15 minute Asian Noodles

This dish is delicious and tasted just like take out lo-mein (one of our favs).  It is also great to make when you need to clean some veggies out of the fridge.  It can add up a little the first time you make it buying the sauces and stuff but they keep well in the fridge make it easy to whip up again.  I didn't buy the Maggi sauce but apparently from what I've read it's delicious and I will probably get it for the next time I make it.  We used a wok like the recipe suggested but I'm sure you can use a skillet.  If you use a wok just remember it cooks hot and fast.


Ingredients: (remember put any veggie in you want)
1/2 c sliced mushrooms
2 carrots - thinly sliced
1/2 c zucchini
1/4 c onion or scallions
1 lb Asian noodles - I just bought dried lo-mein ones in the Asian aisle
2 tablespoons oyster sauce
1 teaspoon Maggi sauce (substitute with 2 tsp soy sauce)
1 tablespoon Chinese rice wine (substitute with dry sherry)
2 tablespoon cooking oil (canola or vegetable)




1. Boil water and cook noodles according to package directions (timing depends on thickness of noodles).
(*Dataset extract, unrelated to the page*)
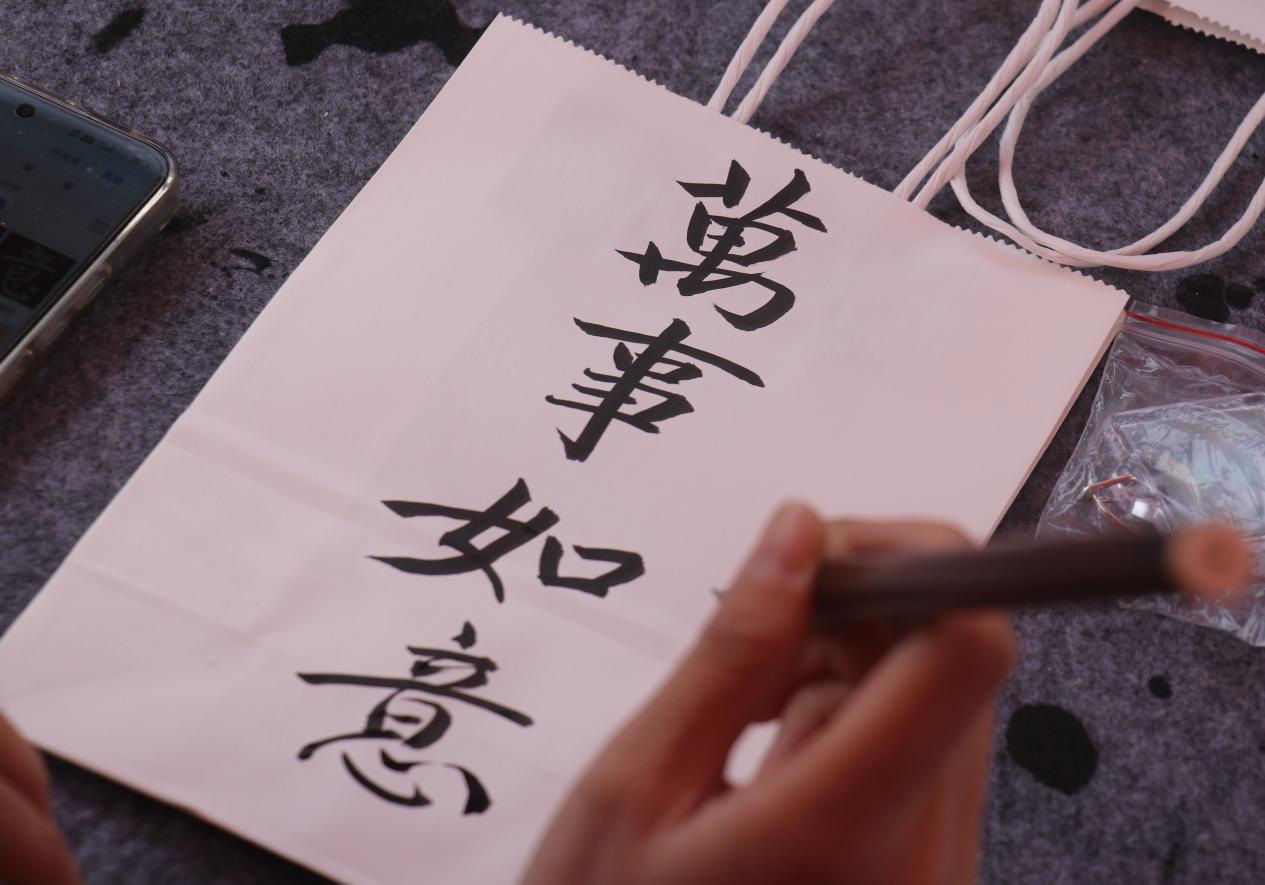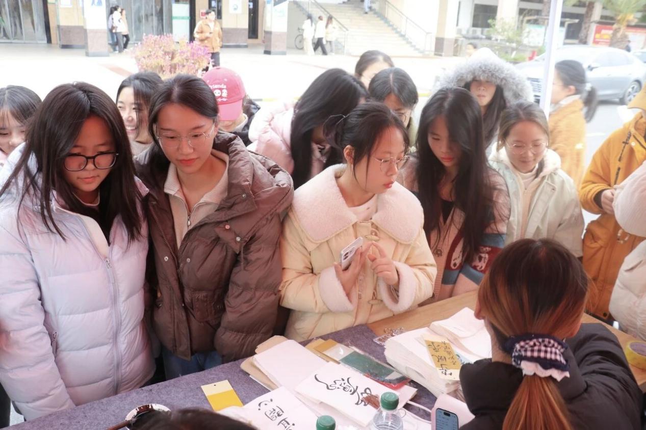 当日的温暖,由无数个被笔墨定格的瞬间构成:在经典临摹区,一位同学俯身案前,屏息静气,笔尖在名帖上从容游走;自由创作区,一位同学饱蘸浓墨,郑重写下“万事如意”四个大字,圆润饱满的笔触中满载着对新年的朴素祝福。而现场的猜谜互动区则不时爆发出欢笑与掌声,同学们围绕书法相关的谜题争相竞猜,在思辨与趣味中,进一步加深了对笔墨文化的感知。这些动静相宜的瞬间,共同汇成了冬日校园里最温暖的风景。

Be sure to stir and separate noodles as they cook. Reserve 1/4 cup of hot noodle water. Drain noodles, set aside. While water is boiling, thinly slice your vegetables. Multitask!
2. Heat wok or large fry pan over high heat. When hot, add cooking oil. Add scallions/onions, fry for 10 seconds. Add carrots and any firmer veggies you are adding, fry until softened, 30 seconds. Add mushrooms and softer veggies, fry 30 seconds.
3. Add oyster, Maggi, rice wine and the reserved hot water. Cook for 30 seconds. Add your noodles, fry another minute to incorporate all ingredients.